- Source information
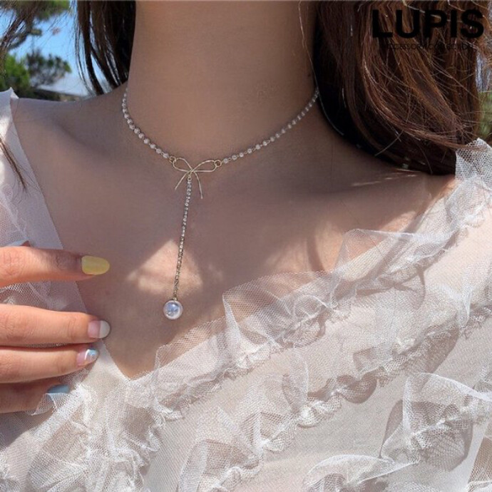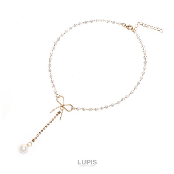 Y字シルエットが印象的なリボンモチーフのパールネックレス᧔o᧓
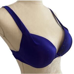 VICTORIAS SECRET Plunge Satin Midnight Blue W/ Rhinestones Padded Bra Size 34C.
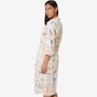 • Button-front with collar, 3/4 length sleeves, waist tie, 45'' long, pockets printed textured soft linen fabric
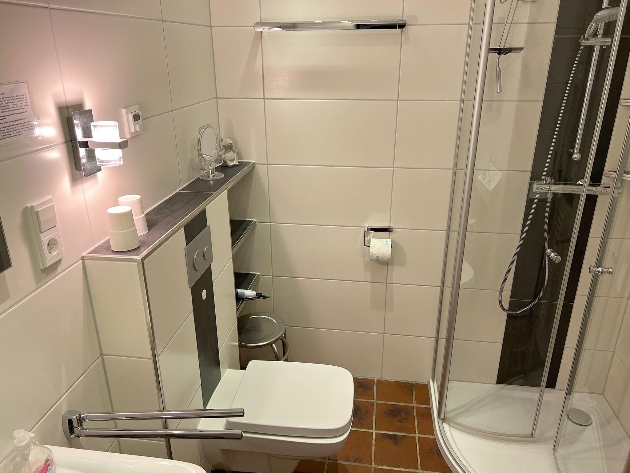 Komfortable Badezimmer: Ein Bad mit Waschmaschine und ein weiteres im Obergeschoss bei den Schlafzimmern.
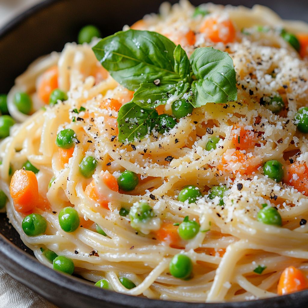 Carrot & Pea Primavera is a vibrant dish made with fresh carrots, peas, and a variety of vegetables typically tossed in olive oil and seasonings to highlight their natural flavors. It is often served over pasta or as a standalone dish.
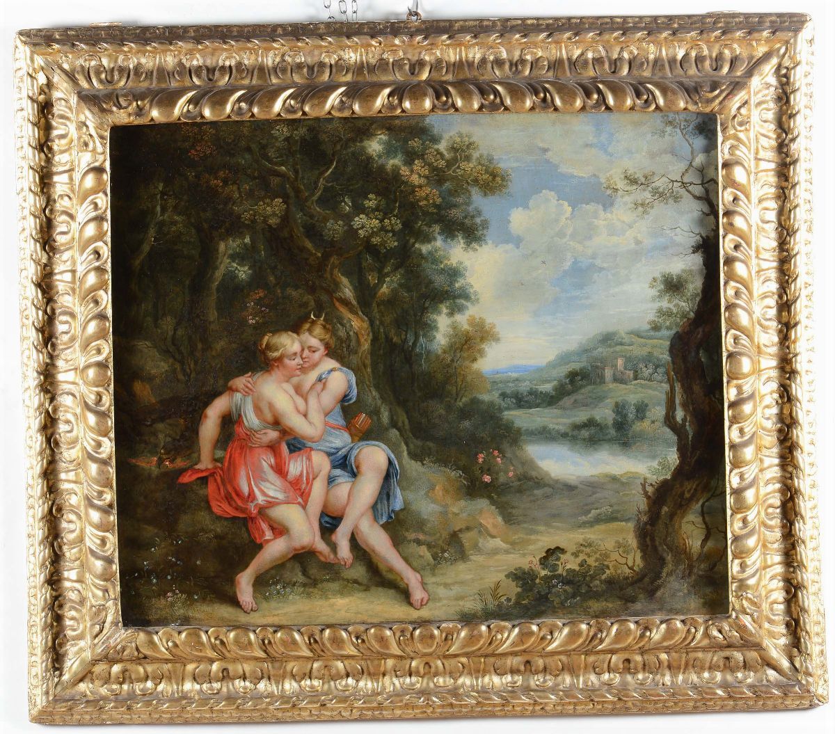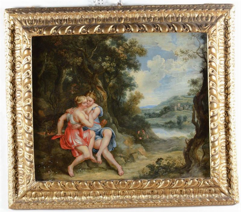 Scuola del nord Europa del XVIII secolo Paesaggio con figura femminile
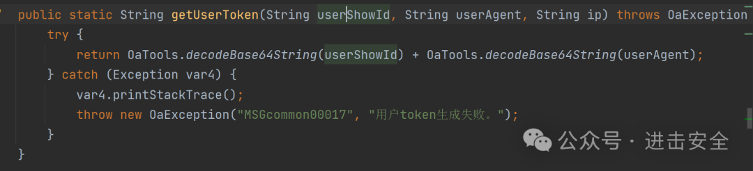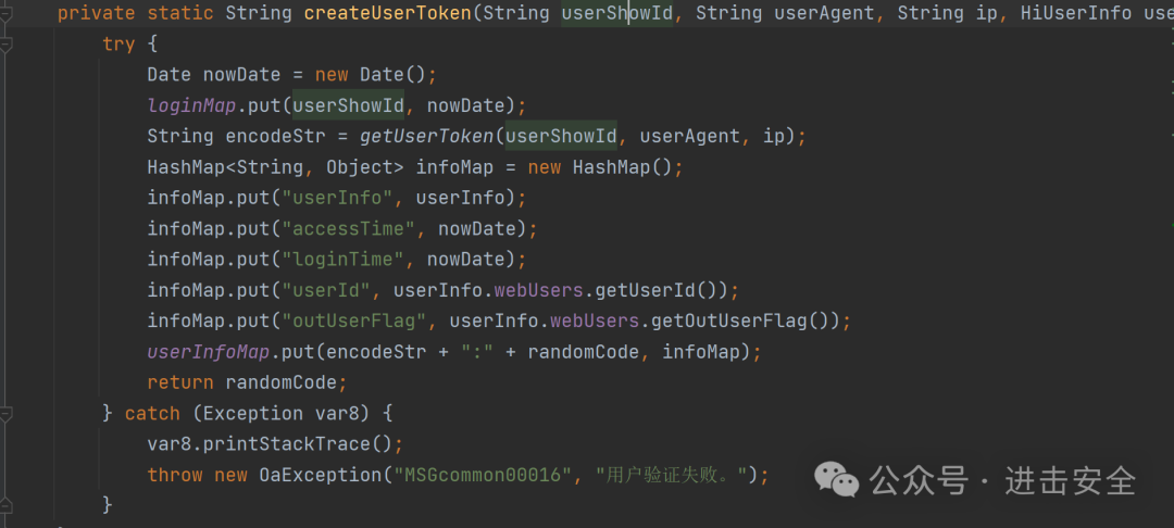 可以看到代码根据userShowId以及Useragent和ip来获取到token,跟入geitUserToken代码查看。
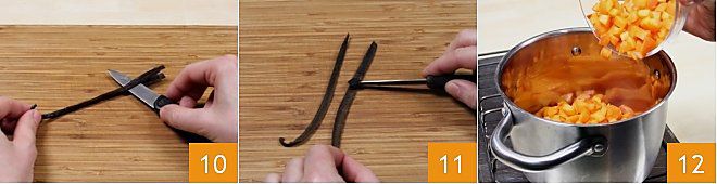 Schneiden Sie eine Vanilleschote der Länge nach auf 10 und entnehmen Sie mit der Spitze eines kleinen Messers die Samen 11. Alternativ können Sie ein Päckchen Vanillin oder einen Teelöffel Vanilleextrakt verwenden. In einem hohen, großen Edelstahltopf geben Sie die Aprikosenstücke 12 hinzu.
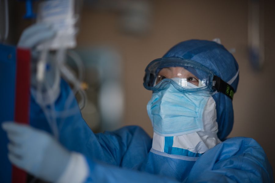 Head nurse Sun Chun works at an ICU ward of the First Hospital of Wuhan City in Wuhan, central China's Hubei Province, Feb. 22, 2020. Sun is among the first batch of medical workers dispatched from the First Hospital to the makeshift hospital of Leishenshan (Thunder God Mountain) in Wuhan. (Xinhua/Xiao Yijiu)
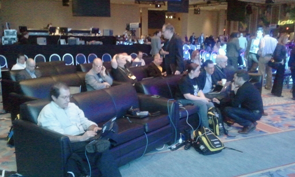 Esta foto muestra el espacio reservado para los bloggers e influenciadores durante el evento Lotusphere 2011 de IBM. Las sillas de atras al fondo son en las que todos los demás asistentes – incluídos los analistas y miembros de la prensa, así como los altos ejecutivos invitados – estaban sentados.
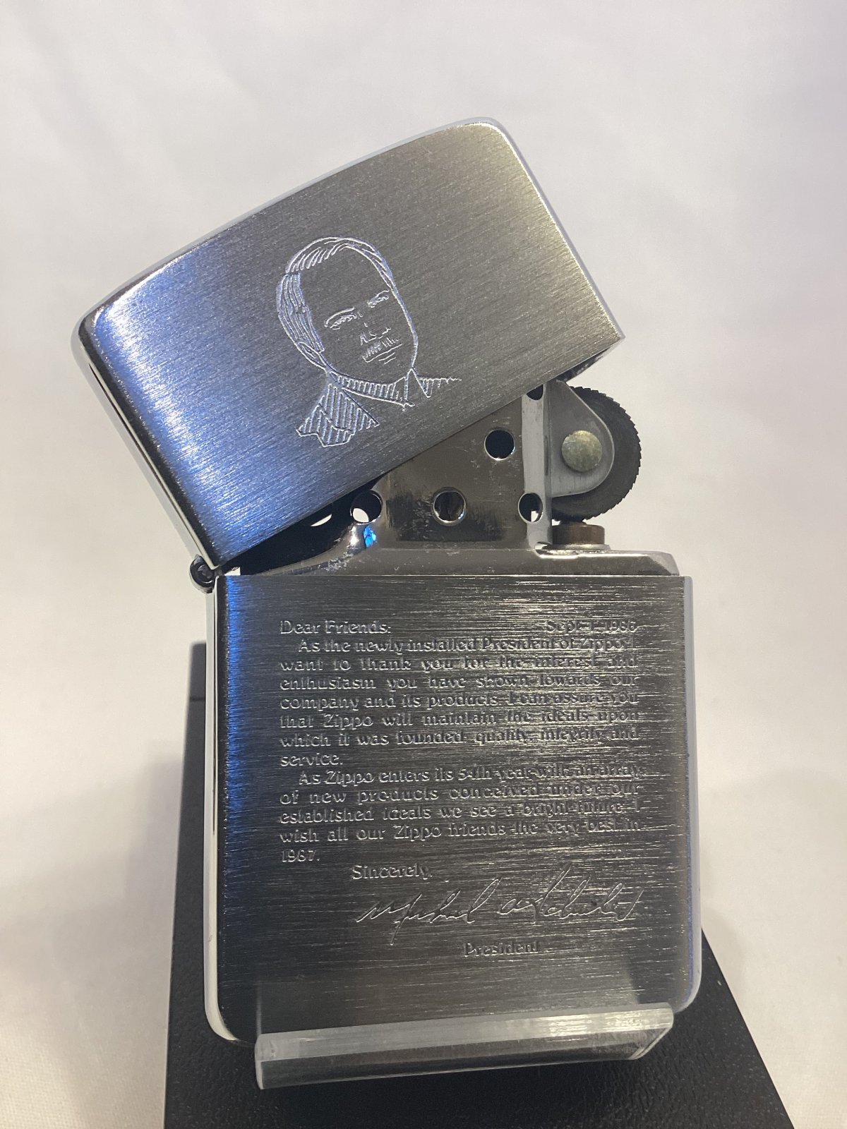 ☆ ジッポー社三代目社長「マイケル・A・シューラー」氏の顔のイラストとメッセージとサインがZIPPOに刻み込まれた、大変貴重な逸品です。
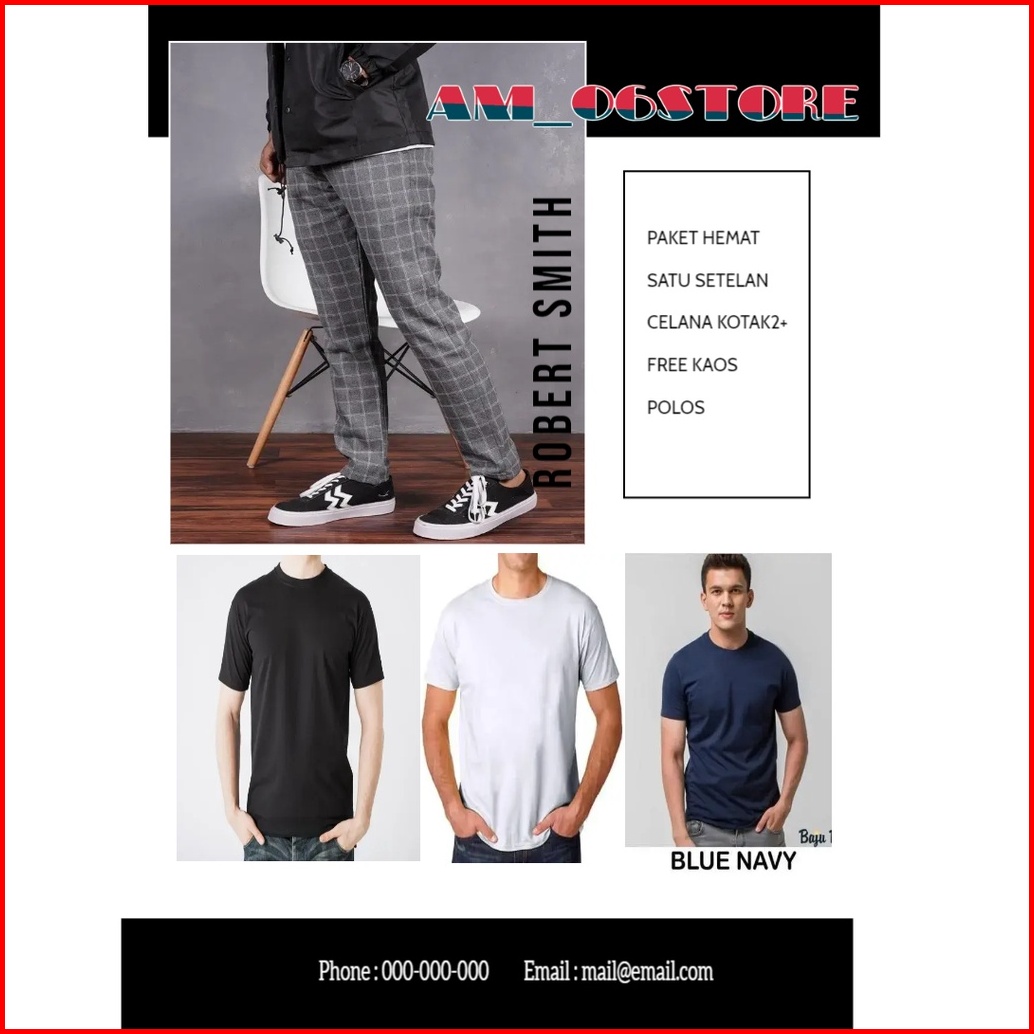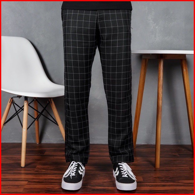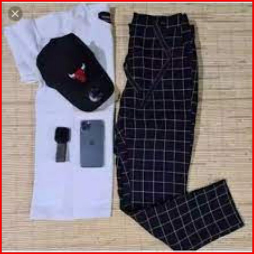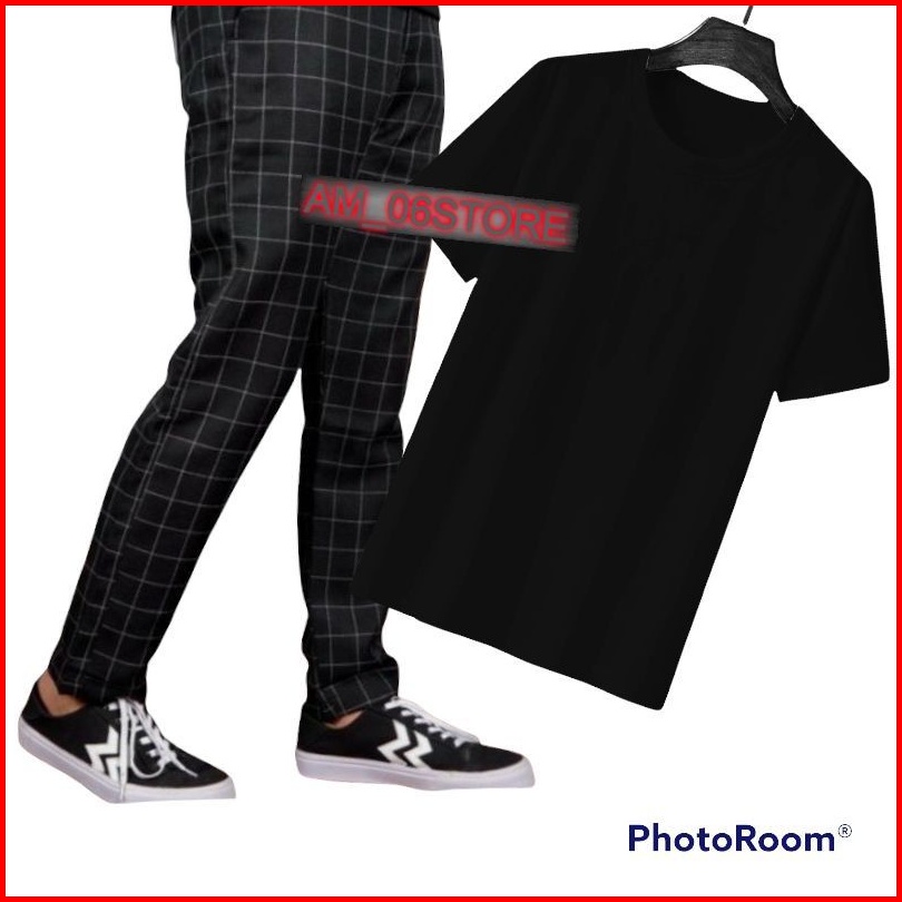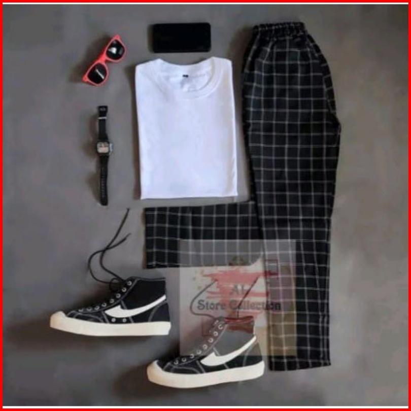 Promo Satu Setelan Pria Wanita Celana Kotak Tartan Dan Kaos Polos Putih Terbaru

- What to work on
Only an exact copy belongs in the answer: the lines from the one containing "Scuola del nord" through the end of the records, both ends included, minus the pictures.

- Answer to the problem
 Scuola del nord Europa del XVIII secolo Paesaggio con figura femminile
 可以看到代码根据userShowId以及Useragent和ip来获取到token,跟入geitUserToken代码查看。
 Schneiden Sie eine Vanilleschote der Länge nach auf 10 und entnehmen Sie mit der Spitze eines kleinen Messers die Samen 11. Alternativ können Sie ein Päckchen Vanillin oder einen Teelöffel Vanilleextrakt verwenden. In einem hohen, großen Edelstahltopf geben Sie die Aprikosenstücke 12 hinzu.
 Head nurse Sun Chun works at an ICU ward of the First Hospital of Wuhan City in Wuhan, central China's Hubei Province, Feb. 22, 2020. Sun is among the first batch of medical workers dispatched from the First Hospital to the makeshift hospital of Leishenshan (Thunder God Mountain) in Wuhan. (Xinhua/Xiao Yijiu)
 Esta foto muestra el espacio reservado para los bloggers e influenciadores durante el evento Lotusphere 2011 de IBM. Las sillas de atras al fondo son en las que todos los demás asistentes – incluídos los analistas y miembros de la prensa, así como los altos ejecutivos invitados – estaban sentados.
 ☆ ジッポー社三代目社長「マイケル・A・シューラー」氏の顔のイラストとメッセージとサインがZIPPOに刻み込まれた、大変貴重な逸品です。
 Promo Satu Setelan Pria Wanita Celana Kotak Tartan Dan Kaos Polos Putih Terbaru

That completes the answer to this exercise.